The significance of the vote for the ultra-right is not in its domestic matrix, but in its imitation of the Bush Administration’s international and national politics. While the respectable far rightist in the Bush and Blair Administrations forcefully criticize Le Pen and the far-right in Europe for their rhetorical excesses, they deliberately overlook the much larger similarities in global outlook. The success of the Bush Administration in gaining popular backing for his attack on Muslim groups and his anti-terrorism campaign has seized the imagination of the European ultra-right politicians. Equally significant, Washington’s economic threats, unilateralist posture and trade protectionism threatens European sovereignty and expansion. The feeble response of the European Right (both the former Center-Left and traditional conservatives) to Washington’s global bullying provide a fertile ground for the ultra-right’s “France First” policies, a mirror image of Washington’s practice.

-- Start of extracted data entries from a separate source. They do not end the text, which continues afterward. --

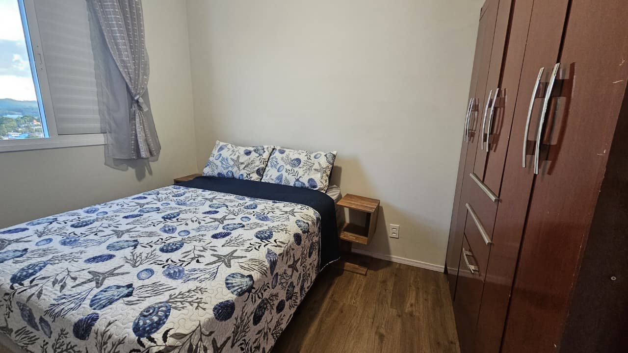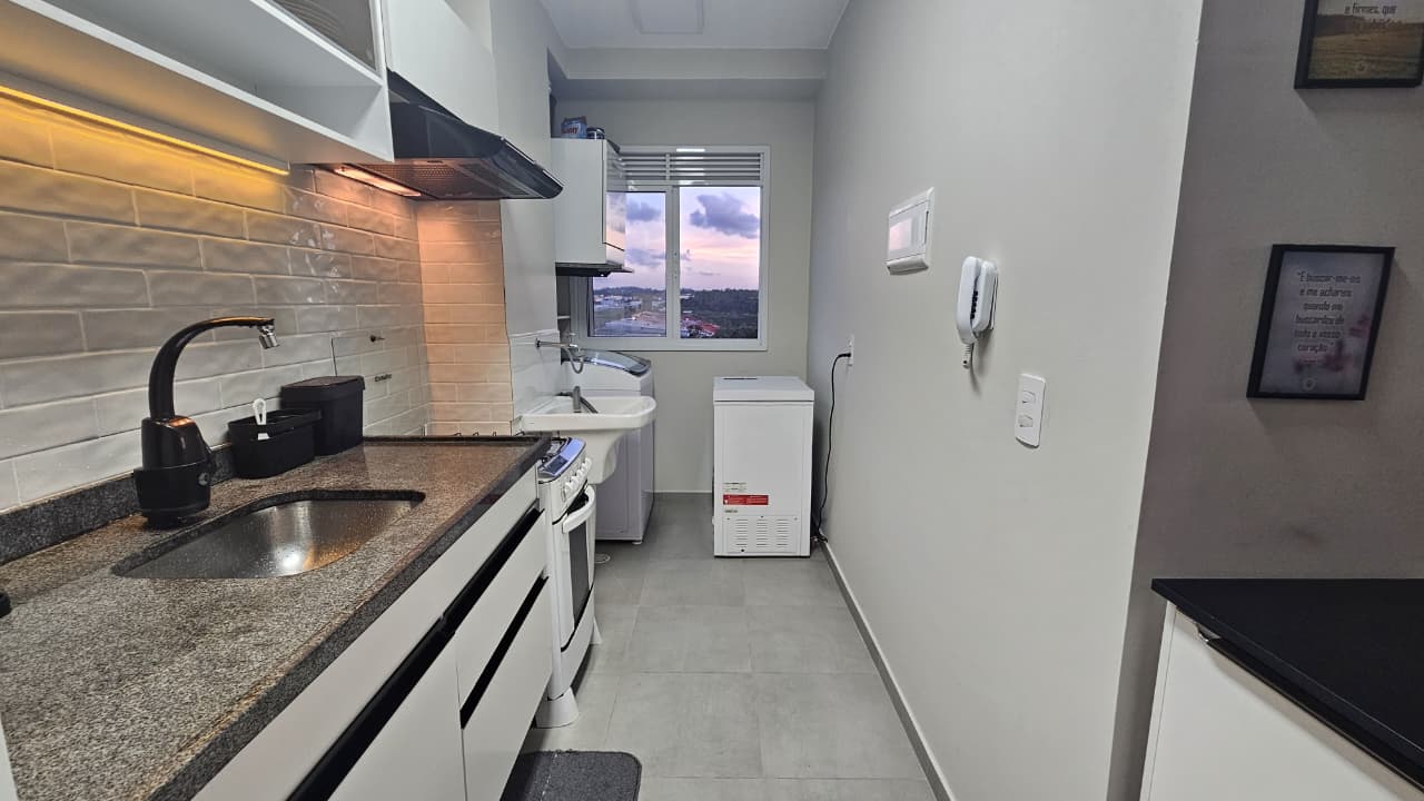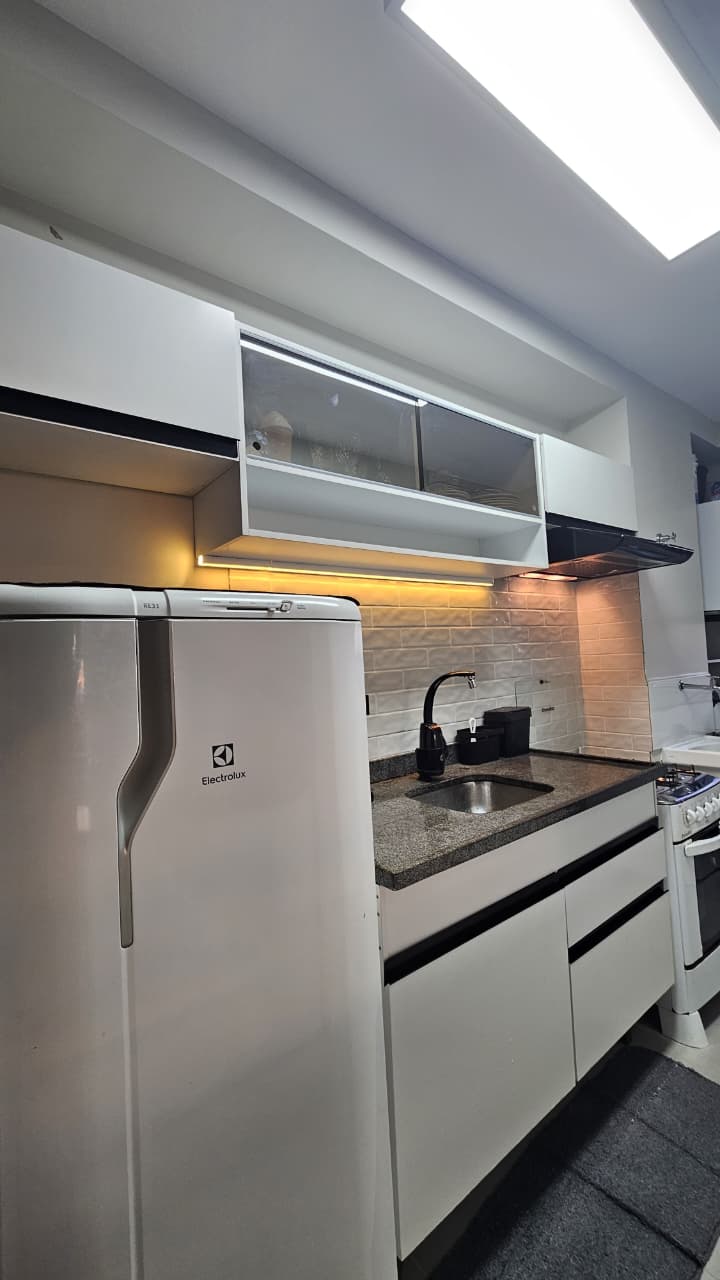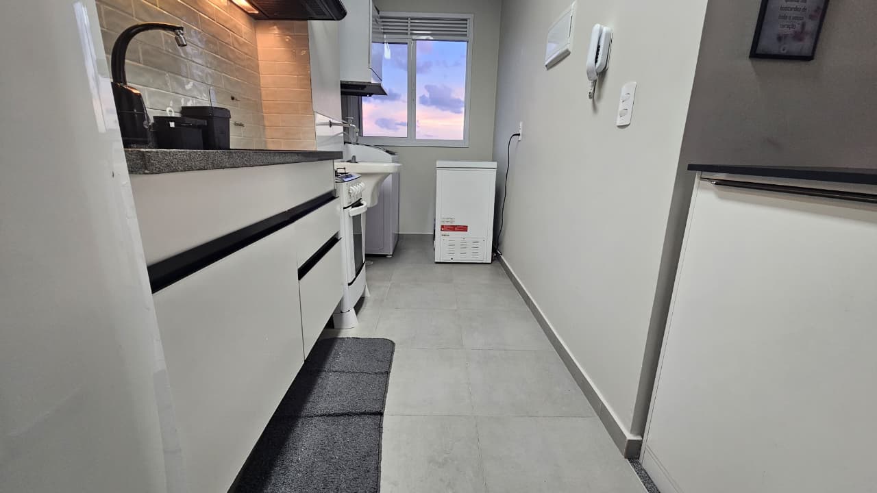Apartamento no útimo andar com 02 dormitórios, sala ampla em dois ambientes, sacada, luzes inteligentes integradas à Alexa, banheiro com box, cozinha com armários planejados, sugar (depurador de ar), led, torneira com água quente, e filtro de água, área de serviço e 1 vaga de garagem. NÃO ACEITA PET.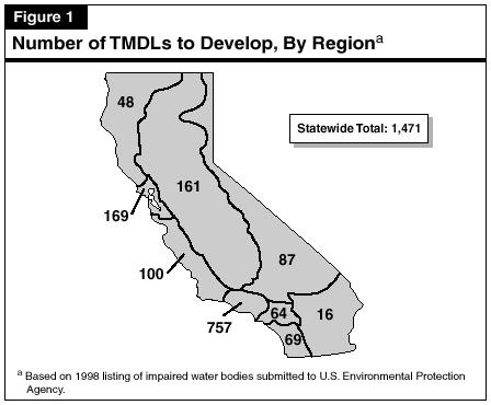 Current State List of Impaired Water Bodies. The most recent list of impaired water bodies in the state (1998) lists 509 impaired water bodies for which 1,471 TMDLs have to be developed. (The next list will be submitted to U.S. EPA in 2002.) As shown in Figure 1, there are impaired water bodies in every region of the state, with the largest number of impaired water bodies located in the Los Angeles region.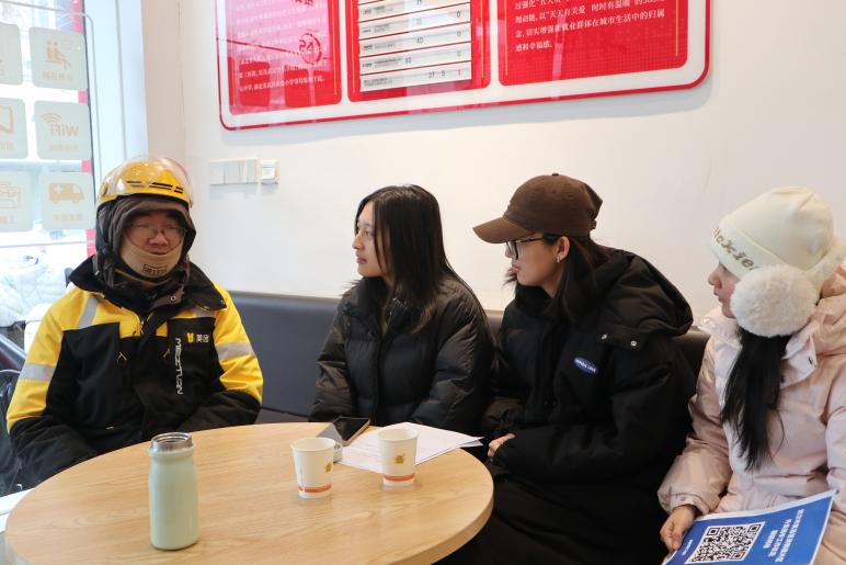 与此同时,马克思主义学院的调研队深入街头巷尾,通过面对面访谈、问卷调查,系统收集小哥们在劳动权益、心理状态、服务需求等方面的真实反馈,形成翔实报告,为实践点精准施策提供了有力的数据支撑。“用问卷记录、用真心倾听,我们触摸到了新就业群体的真实温度。”调研队成员夏萱的体会,展现了青年学子将论文写在祖国大地上的自觉。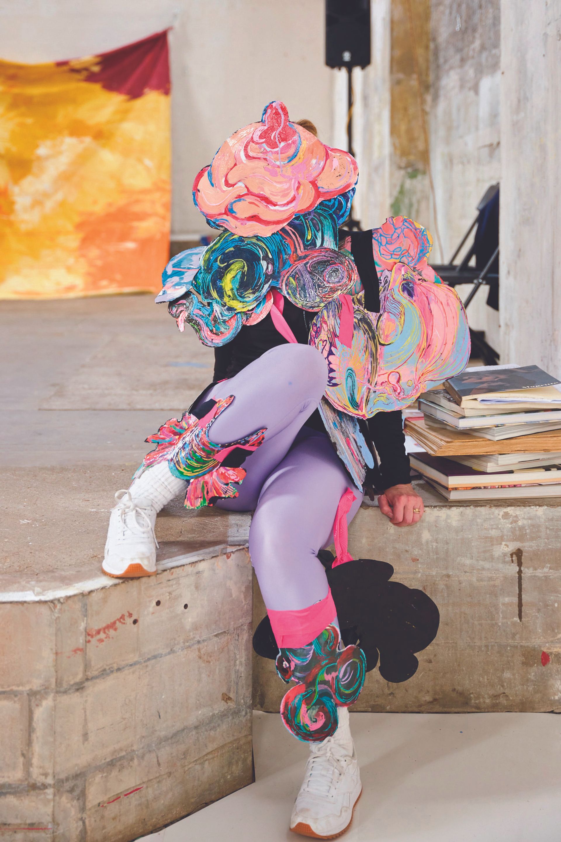 At Florence Peake’s REAL FACTUAL, installation view at Southwark Park Galleries, London (2023). Performer: Rosalie Wahlfrid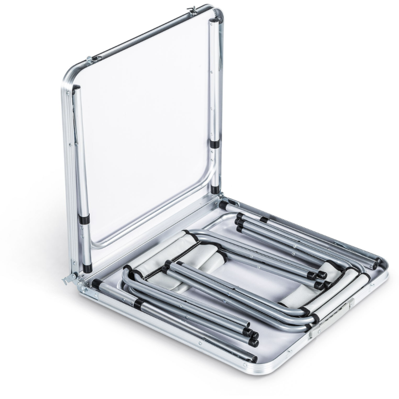 Набір складається до компактних розмірів, що дозволить вам зекономити місце для зберігання! Стіл зі змінною висотою легко та просто складається у невелику валізу, в якій ви також можете зберігати стільці. Завдяки цьому комплект займає мало місця, і ви можете взяти його з собою, у кемпінг або у поїздку на природу. Для зручності транспортування комплект Outtec оснащений додатковою ручкою.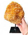 Bring warmth, energy, and abundance into your space with this Heat-Treated Citrine on a stand. Heat-Treated Citrine is believed to amplify energy, dispel negativity, and inspire confidence and motivation. Displayed on a stand, it becomes a striking focal point that radiates uplifting energy throughout any room or workspace.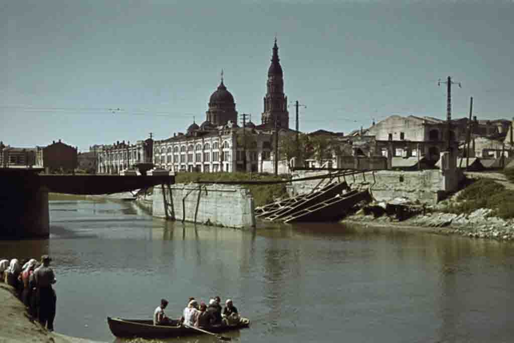 Color photo of the Second World War: The destroyed bridge across the Lopan River in the Nazi-occupied Kharkov. Residents of the city have to cross from one bank to another on a boat.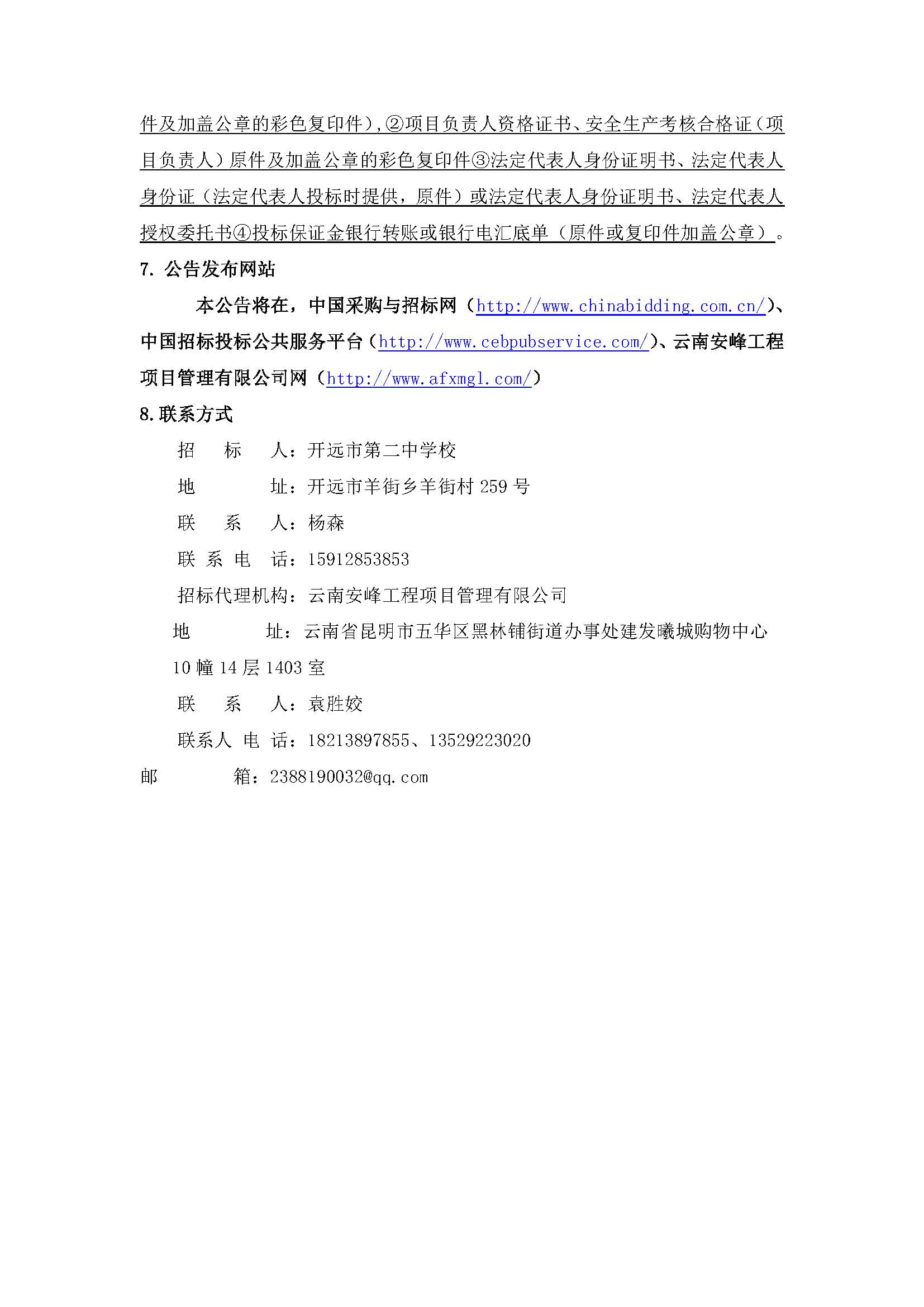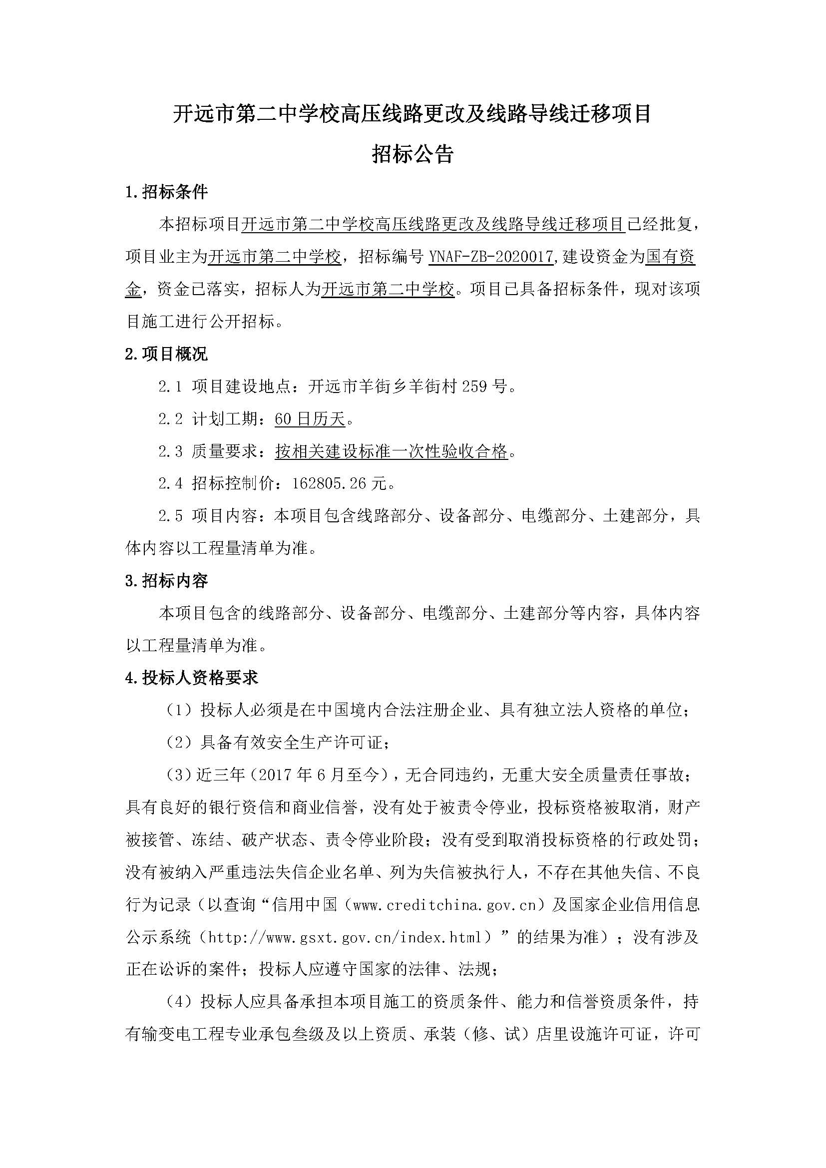 開遠市第二中學校高壓線路更改及線路導線遷移項目(二次) 招標公告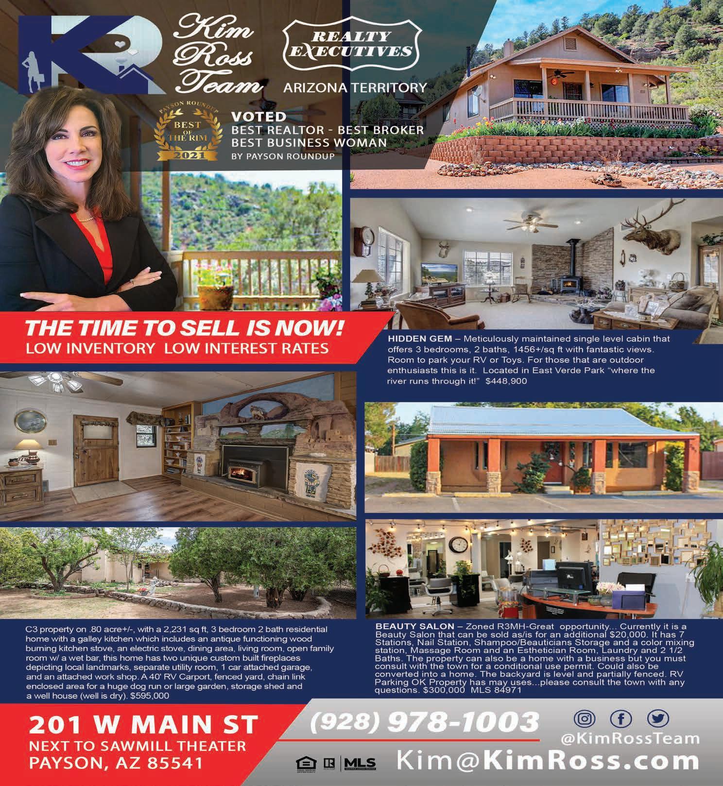 3 View On-Line at RimCountryReview.Com Tour on the Web at www.SuzyTubbs.Com Suzy Tubbs, REALTOR® Young Realty & Investment, Payson Office (928) 978-3256 • (928) 474-4554 See More Inside on Page 28 ERA REAL ESTATE SM EACH ERA® OFFICE INDEPENDENTLY OWNED AND OPERATED 306 N Grapevine Drive, Chaparral Pines: Custom elegance! 3BRs, 3 baths, ±2780 sf, ±0.53-acre parcel in a private, guard-gated golf community. Recently updated top to bottom, from the island kitchen and the master bath to the beautifully cantilevered wrap-around deck with breathtaking mountain views. Home office, media room, covered patio and gazebo. $999,000 (89892) © 19932024 The Onyx Group • V (928) 476-4333 • M (928) 951-2602 • POB 2262 • Payson AZ 85547-2262 • eMail: RimCountryReview@gmail.com • Web: www.RimCountryReview.com Richard Pfister REALTOR® Shayla Pfister Radio Personality Guy & Vi Pfister REALTOR® & Transaction Expert God, Family & Community Discover your dream home here in the Rim Country! Call us Today! (928) 978-2838 or (928) 951-4268 This is where Faith meets Community, and where you'll find your perfect home! www.PaysonGuy.com (928) 978-1003 Kim@KimRoss1.com ARIZONA TERRITORY Kim Ross Team www.KimRoss.com 27 YEARS' EXPERIENCE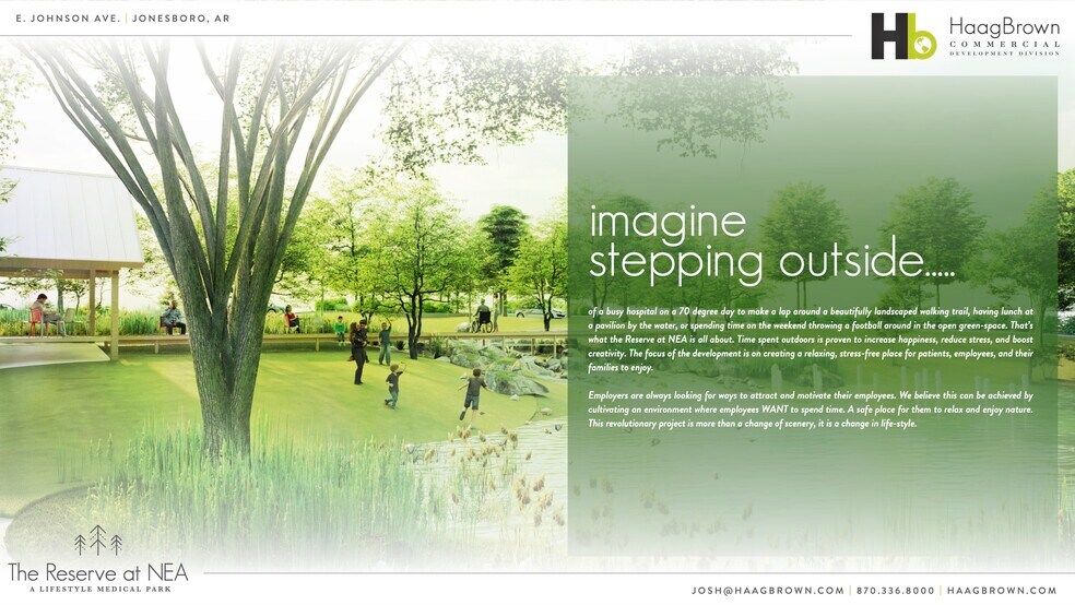 Haag Brown Commercial Real Estate & Development est ravi de lancer un nouveau partenariat avec NEA Baptist qui propose un parc de bureaux de style de vie. La réserve de NEA est un développement médical axé sur le style de vie de 11 acres qui est une extension virtuelle du campus du système de santé baptiste de la NEA. En 2016, nous avons créé The Reserve at Hill Park, le premier parc de bureaux axé sur le style de vie de la collectivité. « La réserve à Hill Park a été si bien accueillie que nous voulons reproduire tout le projet à côté du plus grand campus de soins de santé intégrés planifié par le maître dans notre zone commerciale. Notre croyance en la qualité de vie et au bien-être sera illustrée par ce projet », a déclaré Joshua Brown. Ce paysage de premier plan est directement lié au campus du système de santé baptiste de l'AEN et comprend 2 bâtiments existants et 3 sites de construction potentiels avec systèmes individuels de patio, un sentier pédestre polyvalent qui englobe l'ensemble du projet et se connecte à NEA Baptist, de multiples éléments d'eau, un pavillon au bord du lac et trois espaces verts distincts. La réserve de NEA est idéale pour tous les professionnels de la santé qui veulent se loger à distance de marche de NEA Baptist et offrir à leurs clients un accès exclusif et pratique à toutes les installations du système. La phase II du projet ouvrira des possibilités de restauration et de vente au détail à l'angle de Bridger et de l'autoroute 49. *Veuillez noter que toutes les transactions sont sujettes à l'approbation de l'utilisateur par le promoteur et NEA Baptist. Les clauses et les restrictions les plus strictes sont en place. Le propriétaire est le promoteur et envisagerait également une construction adaptée à laquelle le même processus d'approbation s'applique.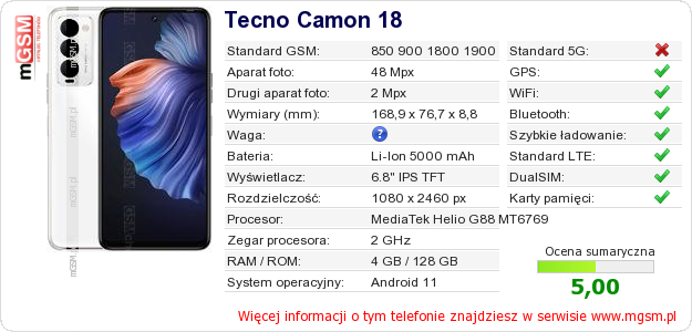 Dane telefonu Tecno Camon 18 na Twojej stronie

If the “right turn” has advanced furthest and taken its most extreme expression in he U.S., it is nonetheless the case that a similar rightward shift has gained momentum in European electoral politics. If we discount the traditional “center-left” and “center-right” labels of the past, the actual policies of the European regimes in the past decades describe an almost unrelenting anti-labor pro-big business strategy and practice. The shift to the right, however, varies in speed and scope and on each country’s particularities, especially the strength of the mass movements and trade unions. No European country, whether governed by ex-Social Democrats, Christian Democrats or Conservatives or other traditional party has increased social welfare for the working class. On the contrary, all regimes have weakened legislation protecting jobs, workers’ security and trade union rights; social, health, and education benefits have been slashed in varying degrees. With the possible exception of France — for which the regime bears little responsibility — the working day has not been reduced, indeed the multiplication of precarious and poorly paid employment has resulted in multiple jobs and longer hours. The European regimes have participated in and supported U.S. led wars, bombings and invasions in Iraq and Yugoslavia — with permanent bases in Macedonia, Kosovo, Albania and Afghanistan and air control over the entirety of Iraq.
The European regimes have adopted the “military-neo-liberal” agenda promoted by their banks and multi-nationals — and have financed overseas expansion into Eastern Europe, Russia, the Middle East and Latin America, many times in competition and/or collaboration with the U.S. The convergence of all the major European political parties on the neo-liberal-military agenda means that there is an almost total political vacuum on the electoral Left — no party represents those adversely affected by neo-liberal policies, military expansionism and subsidies to big business and banks. The European multi-party system has been converted into the U.S. one party-two factions system.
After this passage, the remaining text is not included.